The European Medicines Agency’s Committee for Medicinal Products for Human Use has recommended the approval of subcutaneous atezolizumab for all indications in which the intravenous formulation is approved, including certain types of lung, liver, bladder, and breast cancer
The European Medicines Agency’s Committee for Medicinal Products for Human Use (CHMP) has recommended the approval of subcutaneous atezolizumab (Tecentriq) for all indications in which the intravenous (IV) formulation is approved, including certain types of lung, liver, bladder, and breast cancer. The European Commission is expected to make its final decision on the approval soon.1
The CHMP’s positive opinion is based on pivotal data from the phase 1b/3 IMscin001 trial (NCT03735121), which showed similar levels of atezolizumab in the blood when administered subcutaneously, as well as a comparable safety and efficacy profile vs the IV formulation.1,4
“[Atezolizumab] has helped to treat more than 430,000 people diagnosed with some of the most aggressive forms of cancer,” Levi Garraway, MD, PhD, chief medical officer and head of Global Product Development at Roche, stated in a news release.1 “Subcutaneous administration offers a faster and more convenient alternative to IV infusion.
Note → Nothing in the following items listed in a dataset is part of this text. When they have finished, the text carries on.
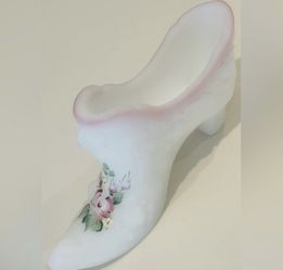 FENTON Fine Art Satin Glass Shoe Slipper Boot Figurine Orig Vintage CABBAGE ROSE$59San Diego, CA
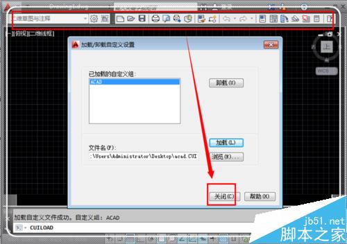 2、打開cad,點擊出問題的“確定”按鈕,然后在命令欄輸入“CUILOAD”,然后點擊回車。
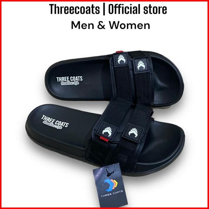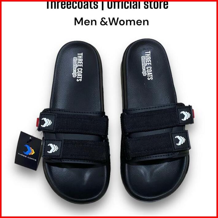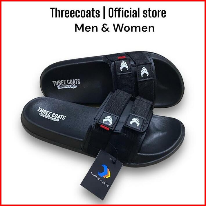 Threecoats Zip Black Sandal Slop Pria Dan Wanita

The CHMP’s recommendation brings us a step closer to offering the first subcutaneous PD-L1 cancer immunotherapy treatment to patients in the European Union.”
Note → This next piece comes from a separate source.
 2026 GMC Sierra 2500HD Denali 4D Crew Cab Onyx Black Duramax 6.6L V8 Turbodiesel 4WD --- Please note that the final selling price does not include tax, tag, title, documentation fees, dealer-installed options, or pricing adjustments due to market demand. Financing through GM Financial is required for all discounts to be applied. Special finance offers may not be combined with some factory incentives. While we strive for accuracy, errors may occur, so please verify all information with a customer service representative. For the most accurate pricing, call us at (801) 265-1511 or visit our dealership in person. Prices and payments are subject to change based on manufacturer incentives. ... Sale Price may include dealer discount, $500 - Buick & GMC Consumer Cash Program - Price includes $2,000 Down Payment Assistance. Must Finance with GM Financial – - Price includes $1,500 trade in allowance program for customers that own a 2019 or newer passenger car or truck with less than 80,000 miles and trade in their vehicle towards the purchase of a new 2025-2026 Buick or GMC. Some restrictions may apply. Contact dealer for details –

The global, multicenter, randomized IMscin001 trial is evaluating the pharmacokinetics, safety, and efficacy of subcutaneous atezolizumab compared with IV atezolizumab in immunotherapy-naive patients with locally advanced or metastatic non–small cell lung cancer for whom prior platinum-based therapy has failed (n = 371).1,2 Patients were randomly assigned 2:1 to receive 1875 mg of subcutaneous atezolizumab (n = 247) or 1200 mg of IV atezolizumab (n = 124) every 3 weeks.3
Previous findings from the trial demonstrated that the study had met its co-primary end points, demonstrating non-inferior drug exposure for cycle 1 observed trough serum concentrations (Ctrough) and model-predicted area under the curve for days 0 to 21 between the subcutaneous and IV formulations.3
Updated results from the study, which were presented at the 2023 ESMO Congress, showed that at a median follow-up of 9.5 months, subcutaneous atezolizumab continued to demonstrate equivalence for key secondary end points including objective response rate (ORR), progression-free survival (PFS), and overall survival (OS) vs IV treatment.3
The results demonstrated that the median OS was 10.7 months (95% CI, 8.5-13.8) with the subcutaneous formulation vs 10.1 months (95% CI, 7.5-12.1) with the IV formulation (HR, 0.88; 95% CI, 0.67-1.16). Median PFS was 2.8 months (95% CI, 2.7-4.1) with subcutaneous atezolizumab vs 2.9 months (95% CI, 1.8-4.2) with IV atezolizumab (HR, 1.05; 95% CI, 0.83-1.33). The confirmed ORRs were 11.0% (95% CI, 7.4%-15.6%) and 10.5% (95% CI, 5.7%-17.3%), respectively. All responses were partial responses.
Median duration of response was 15.1 months (95% CI, 5.6–not evaluable [NE]) with the subcutaneous formulation vs 11.2 months (95% CI, 4.2-NE) with the IV formulation (delta, 0.54; 95% CI, –6.56 to 7.63).
Moreover, median administration time was significantly reduced with subcutaneous administration at 7.1 minutes (95% CI, 6.6-7.4) vs 40.0 minutes (95% CI, 37.5-45.0) with IV administration.
Regarding safety, any-grade adverse effects in the subcutaneous and IV arms, respectively, included anemia (19% vs 17%), dyspnea (11% vs 15%), and fatigue (12% vs 13%). Grade 3/4 AEs were less common in the subcutaneous arm compared with the IV arm (21% vs 31%), as were serious AEs (19% vs 27%). However, 6% of patients in both arms experienced a fatal AE. AEs of special interest occurred in both arms: hepatitis (12% vs 14%), hypothyroidism (11% vs 7%), and rash (9% vs 11%). AEs leading to dose discontinuation occurred in 4% vs 7% of patients in the subcutaneous and IV arms, respectively.
As part of the study, patient-reported outcomes (PROs) were collected on day 1 of the first 6 cycles of therapy and then every second cycle until treatment discontinuation. Health-care providers were also asked to complete questionnaires on subcutaneous and IV administration after giving at least 3 doses of each formulation.
Results showed that mean PRO scores for each arm fell within 10% of each other for global health status, role and physical functioning, and satisfaction with therapy. Moreover, 90% of health-care professionals who were surveyed as part of the study agreed that giving the subcutaneous formulation was fairly easy/very easy; 85% were satisfied/very satisfied; and 75% reported that subcutaneous administration could save time compared with the IV formulation.